Затем мадам Бершо кратко поблагодарила меня за «тот великолепный и яркий день». Это верно. Ярче и придумать трудно. Мадам Бершо явно не страдала словоблудием. Если не считать постскриптума: «Какая же я все-таки сумасбродка! Ведь и мне страшно хотелось переспать с вами».


Ипполит вынужден был лично сообщить мне о возвращении Марии Терезы. Я, ни секунды не медля, — то есть схватив пальто и даже не переодевшись — выскочил из дома. Дворецкий графа хотел было что-то сказать, однако лишь, скривил рот, и мы вместе поспешили в дом на рю де Бретань. К разговорам я был явно не расположен, а надменная натура не позволяла Ипполиту развлекать меня беседами. Но я все же спросил, что нового в городе.

— В Жарден-де-План обнаружены останки служащего зоопарка. Его сожрал его любимец — белый медведь.

— Как вижу, вы интересуетесь зверьем.

— Только белыми медведями. Они по крайней мере чистоплотны.

— Понимаю. Но давайте-ка мы все-таки наймем рикшу, — предложил я, тут же остановив пробегавшего мимо парня, услугами которого уже пользовался накануне и который невзначай наступил на собачьи гостинцы. — Знаете, Ипполит, он побыстрее лошади бегает. А все почему? — Подмигнув рикше, я демонстративно оглядел его обувь. И, понизив голос, повторил вопрос: — Почему он бегает быстрее лошади? Да потому, что вонь от собачьего дерьма, на которое он то и дело наступает, подгоняет его.

Мы вместе с Жюлем (так звали рикшу) от души рассмеялись этой довольно неуклюжей остроте. Зашлись, как пара ненормальных. Ипполит с каменным лицом тут же потребовал остановиться. Без единого слова он ступил на мостовую и, не удостоив нас взглядом, продолжил путь на своих двоих.

— Кто этот месье?

— Так. Один лакей.

— Недолго ему оставаться в лакеях.

— С чего это ты взял? Ты уж не провидец ли?

— И да, и нет, не могу сказать, предчувствие у меня в крови, что ли.

— Ты сможешь сэкономить мне двадцать минут? Заплачу вдесятеро.

— И еще как смогу!

И Жюль помчался. Откинувшись на спинку, я прикрыл глаза. Все стало нереальным. Рикша несся бегом по улицам, будто его подстегивали плетью. Сколько еще Жюль выдержит этот бешеный темп? Мне даже стало неловко за свой каприз. Но я продолжал молча терпеть.

В конце концов Жюль утомился, но мы уже подъезжали к рю де Бретань. Парень, задыхаясь, повернулся ко мне. Лицо его было белее мела.

— Десять тарифов!

Я молча сунул ему деньги. И все остальное тоже происходило словно с удесятеренной скоростью. Безмолвные объятия Марии Терезы. Страстные поцелуи. Набросившись друг на друга, мы повиновались лишь обуявшим нас инстинктам — нам хотелось вобрать в себя друг друга, утопить в ласках, зацеловать до изнеможения.

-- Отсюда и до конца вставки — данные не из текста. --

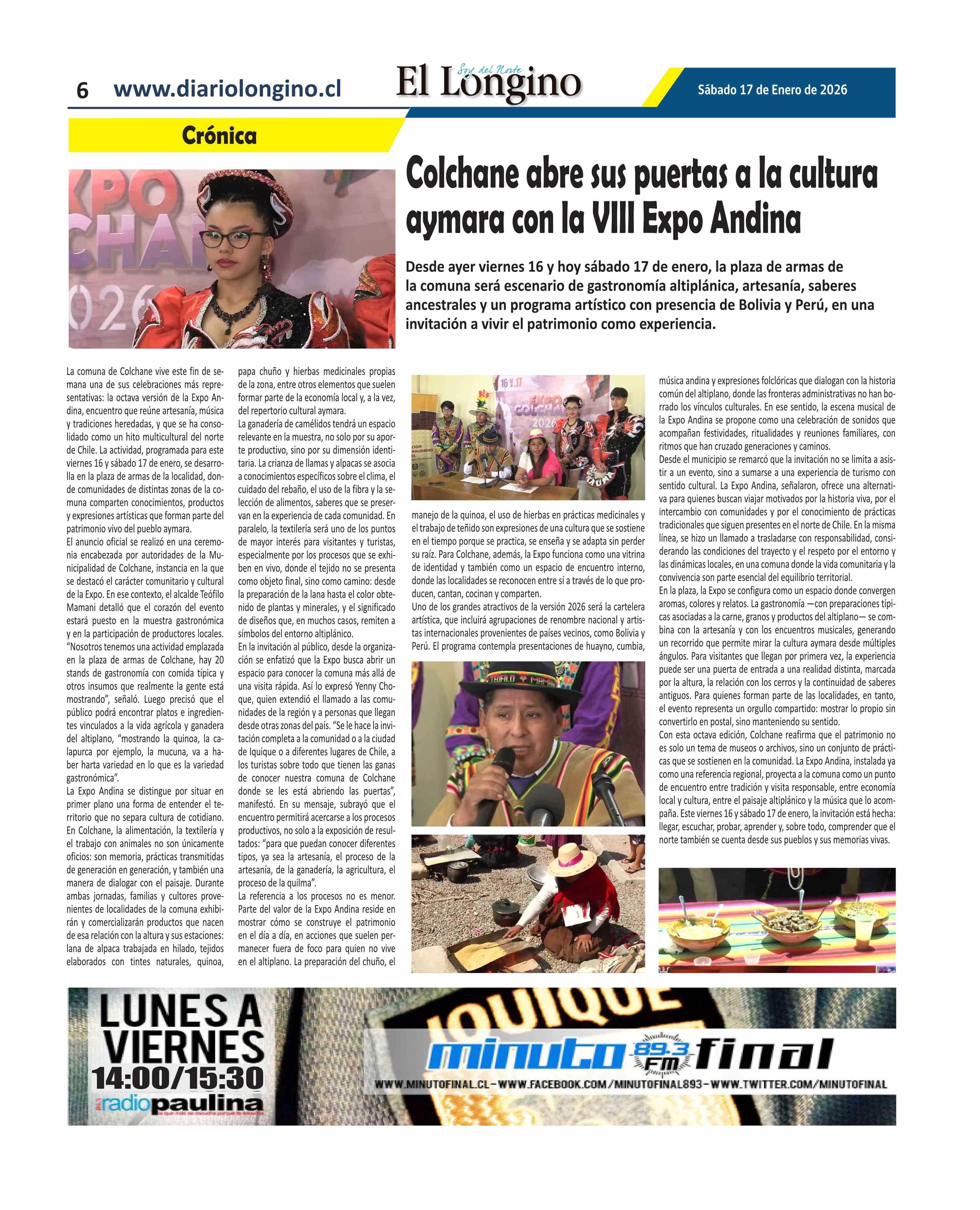 Colchane abre sus puertas a la cultura aymara con la VIII Expo Andina 17-01-2026 El Longino |
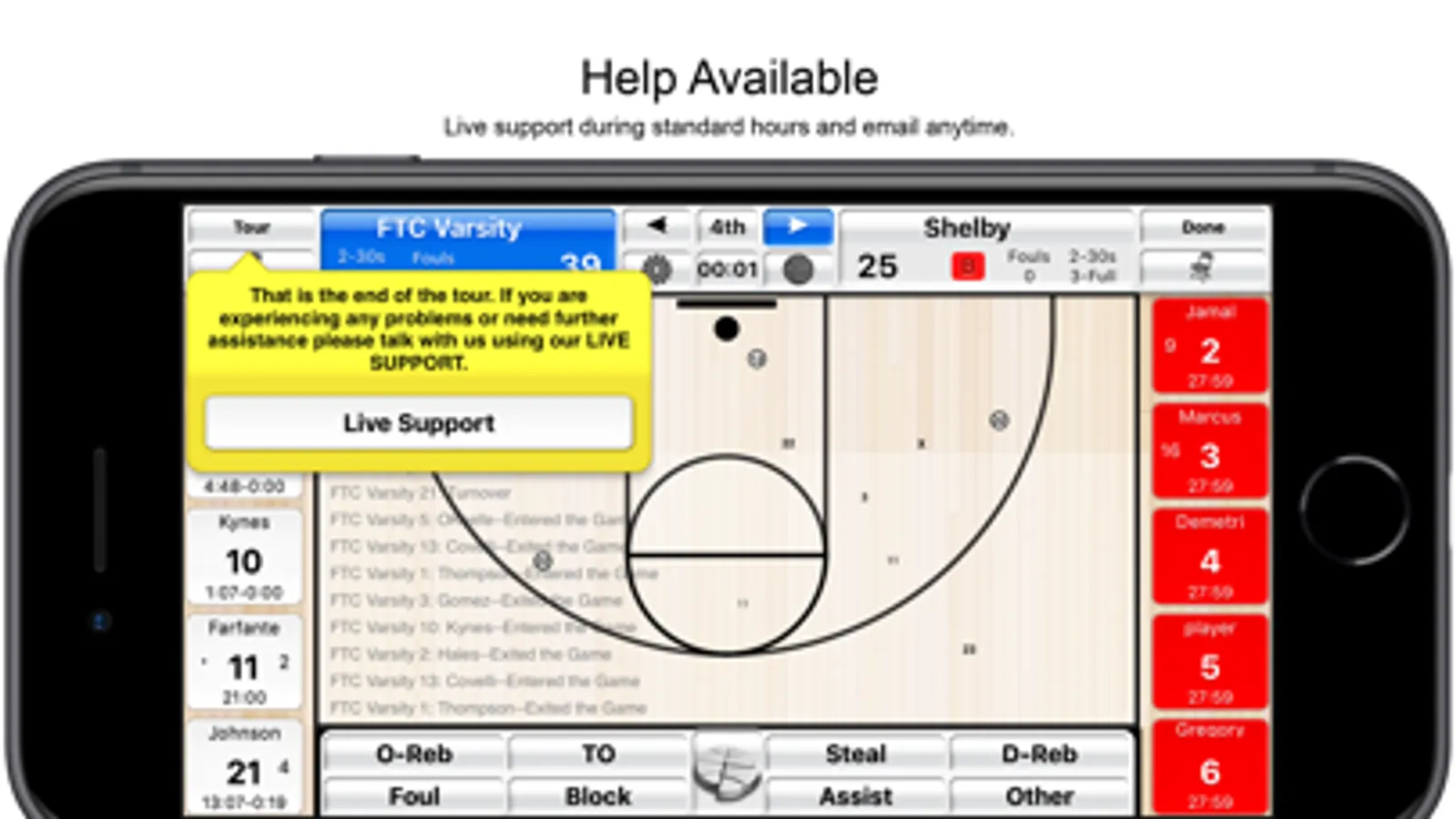 - Review and manage team fouls and timeouts.

— Ну и что же теперь? Что дальше?

Меня беспокоило, что она продолжала медлить с ответом. Мария Тереза стояла, прижавшись ко мне, ее волосы щекотали мне нос. Она излучала спокойствие, мерно дышала. Я еще раз прошептал вопрос, уткнувшись в ее волосы, выждал пару мгновений, потом, поняв, в чем дело, рассмеялся — как она могла ответить? Мария Тереза уснула!

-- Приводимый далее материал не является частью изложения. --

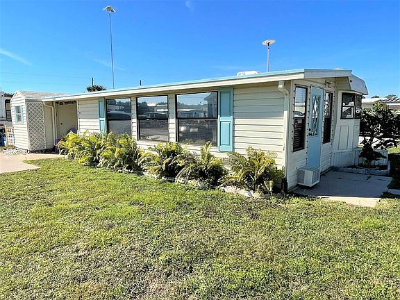 1 Bed, 1 Bath fully furnished on a corner lot. Huge Florida Room with newer flooring and 2 wall A/C. Main home is cozy and roomy with plenty of storage, two tip-outs, kitchen has gas stove. New roof A/C in the main home. Bedroom has plentiful closets and built-ins with another wall A/C. One Large storage shed and a small shed between the tip outs. Ready to move in! Fully Furnished
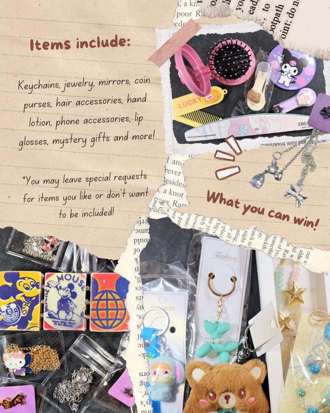 * Character items will vary. Items in pictures are an EXAMPLE ONLY of what you will recieve as my stock is changing constantly. *
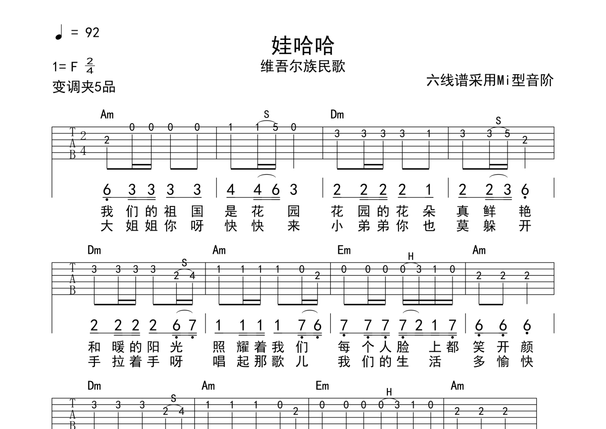 娃哈哈+两只老虎吉他谱 - 儿歌演唱 - C调独奏solo六线谱
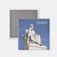 Magnet con la imagen de la estatua del antiguo filósofo griego Sócrates, ubicado fuera de la Academia de Artes de Atenas en Grecia.
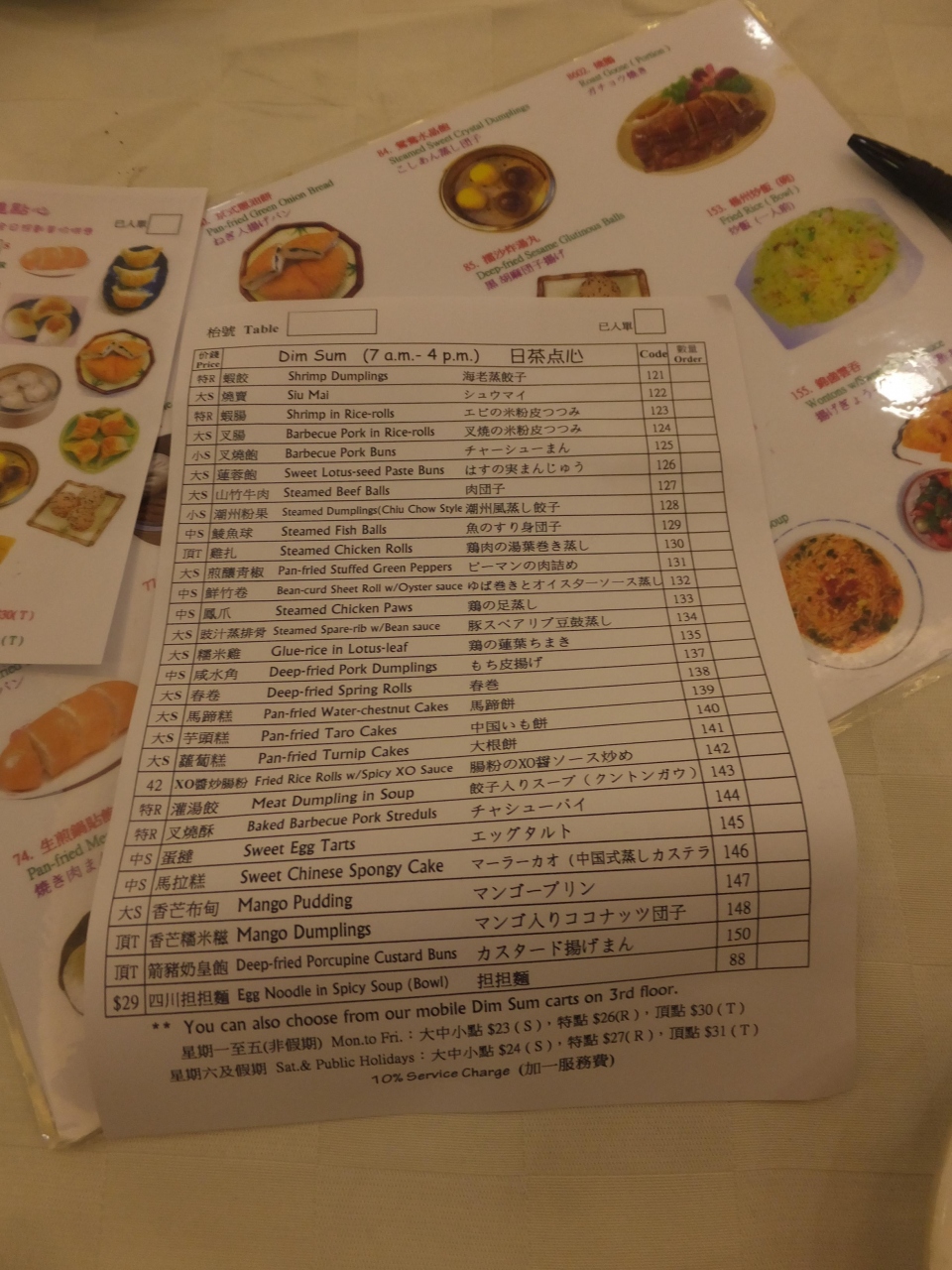 飲茶各種・チキンライス・お粥・焼きビーフン・明治ヨーグルト・ケーキ・スウェンセンズのアイスクリーム各種等々
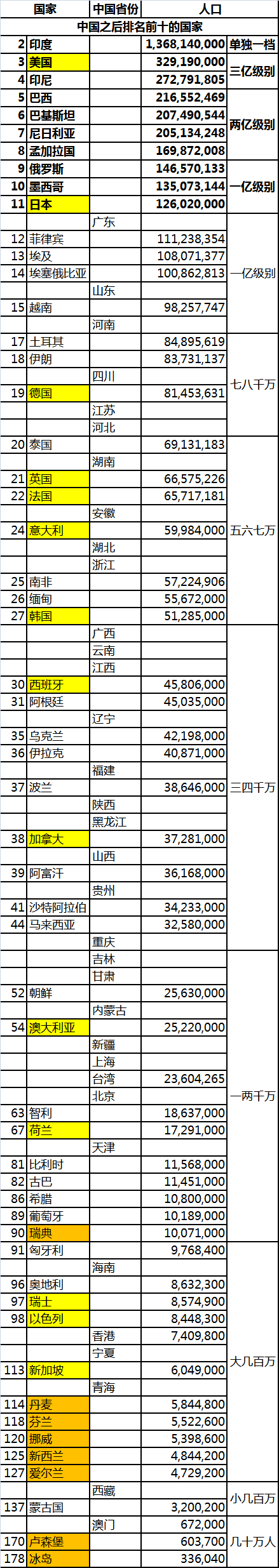 鉴于有些人对世界各国以及中国各省人口缺乏了解, 这里简单的罗列一下数据, 让大家增添一点感性认识.
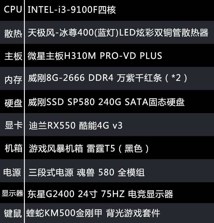 【i3-9100F整机】酷睿i3-9100F/16G内存/240G固态/东星G2400无边框电竞24寸显示器
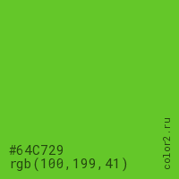 Цвет #64C729 в цветовой модели RGB обозначается тремя октетами (100, 199, 41) в десятичном формате и #64C729 в шестнадцатиричном (hex) формате, которые являются интенсивностью красного 100 (hex 64), интенсивность зелёного 199 (hex C7) и интенсивность синего 41 (hex 29).
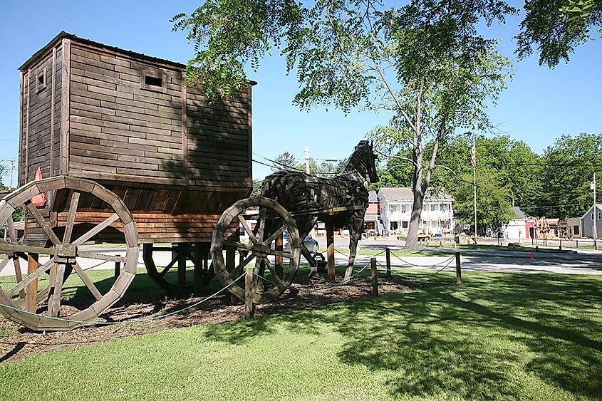 Statua in Mesopotamia, Ohio, vicino a End of the Commons.
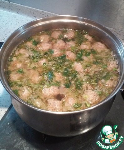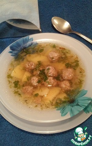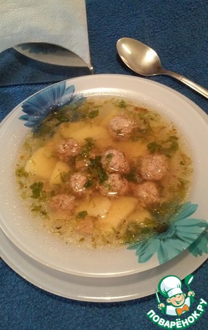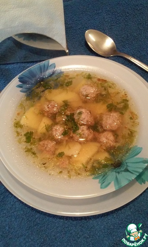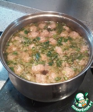 В кипящую воду помещаем картошку, варим до полуготовности. Далее закладываем в кастрюли фрикадельки. Даем прокипеть мину 5 и добавляем обжаренный лук. Солим и перчим по вкусу. Варим до готовности, за минуту до снятия с огня, добавляем зелень. Сразу предупрежу, фрикадельки варятся 10-12 минут до готовности.

Час или чуть больше спустя уснул еще один человек — аббат де Вилье. Мы с Марией Терезой стояли у его постели, озабоченные, полные недобрых предчувствий. Она смотрела то на своего опекуна и импресарио, то на меня. Одержимая страстью любовница уступила место перепуганной девчонке, изо всех сил старавшейся не расплакаться. Губы Марии Терезы дрожали, в глазах были тоска, пустота, страх.

Так как граф еще не вернулся из деловой поездки в Прованс вместе с банкиром Буасье, мы были отданы на милость Ипполита, что означало после четверти часа беспомощного созерцания быть изгнанными из полутемной спальни аббата, будто надоевшие насекомые.

— Ипполит, это вы верно придумали, — осторожно начал я, — но с горячкой одними только воскурениями не справиться. Это уже доказанный факт. Знаю, что виноградная лоза и можжевельник всегда в этом доме пользовались популярностью при избавлении от вредных миазмов, но слишком много дыма вредно для дыхательных путей и вызывает кашель. Куда лучше сейчас хорошо проветрить помещение и поставить на ночной столик пахучую лампу. Тимьян или гвоздичное масло весьма эффективны, но лучше всего эвкалиптовое масло.

— Аббат сам пожелал, чтобы воскурили именно можжевельник и лозу, — ответил Ипполит. — Нельзя ведь отказывать умирающему в последнем желании.

— Вы чудовище, Ипполит!

— Я лишь передаю вам то, что прошептал мне на ухо аббат сегодня утром, мадемуазель Мария Тереза.

Когда он говорил это, рот его исказила блудливая улыбка. Раскланявшись, Ипполит убрался прочь, так и оставив нас стоять. «Недолго ему оставаться в лакеях», — прозвучали у меня в ушах слова Жюля, но тогда это прорицание еще казалось мне чистейшей галиматьей. Ипполит принадлежал к породе людей, стабильно стареющих и при этом крепчающих. Ужасы начинались тогда, когда их лишали того, ради которого они живут, а именно — их хозяев.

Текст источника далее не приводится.